Talk 6, 6:30 pm, 25.16

"Things" versus "Stuff" in the Brain

Vivian C. Paulun1 (), RT Pramod1, Nancy Kanwisher1; 1Massachusetts Institute of Technology

In a seminal paper published two decades ago, Adelson (2001) noted that "Our world contains both things and stuff, but things tend to get the attention." This remains the case today in the field of cognitive neuroscience. The large number of publications using fMRI to explore the lateral occipital complex (LOC) have focused almost exclusively on the role of this region in extracting the 3D shape of Things, without asking whether this region may also respond to Stuff with no fixed shape like honey, sand, or water. Similarly, investigations of the "physics network" previously implicated in visual intuitive physics (Fischer et al, 2016) have to date tested only Things, even though the physics of Stuff plays a comparable role in everyday life.

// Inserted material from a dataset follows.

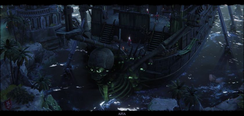 Shadow Gambit: The Cursed Crew führt direkt in die Geschichte ein, indem wir die Piratin Afia auf der Suche nach dem Geisterschiff „Red Marley“ begleiten. Die Suche nach dem Geisterschiff gestaltet sich als einfach, jedoch wartet auf dem Weg die Inquisition, die ebenfalls auf der Suche nach dem Schatz ist.
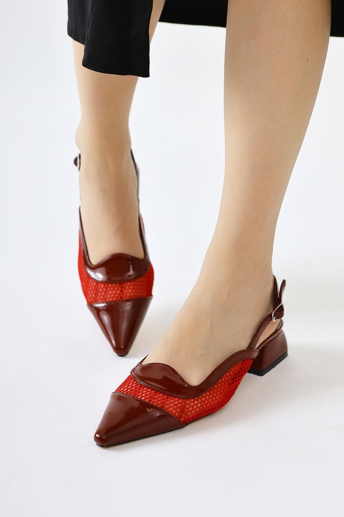 Thamara – Burgunder Lack Schuh mit spitzer Zehenpartie, Netz-Detail und niedrigem Absatz (Damen)

Here, we asked whether LOC and the physics network are engaged when observing Stuff. We created 120 photorealistic short movie clips of four different computer-simulated substances—liquids and granular Stuff, and non-rigid and rigid Things—interacting with other objects, e.g., colliding with obstacles. The four types of videos, as well as scrambled versions of each, were presented in a blocked fMRI design while subjects (N=6) performed an orthogonal color-change detection task. Independently-localized LOC and the physics network showed higher activation for all materials than for scrambled controls (p < .05), whereas the opposite pattern was found for V1 (p < .05). Most importantly, we find that the physics network responded more to rigid and non-rigid Things than liquid and granular Stuff (p < .05), whereas LOC responded at least as strongly to Stuff as to Things. These findings suggest that the physics network may be more engaged in the physics of Things than Stuff, whereas LOC is not restricted to extracting the fixed 3D shape of Things but is equally engaged by Stuff with dynamically changing shapes.

Acknowledgements: This work was supported by the German Research Foundation (grant PA 3723/1-1 to VCP), NIH grant DP1HD091947 to NK, a US/UK ONR MURI project (Understanding Scenes and Events through Joint Parsing, Cognitive Reasoning and Lifelong Learning), NSF STC Grant CCF-1231216, and NSF Project 2124136.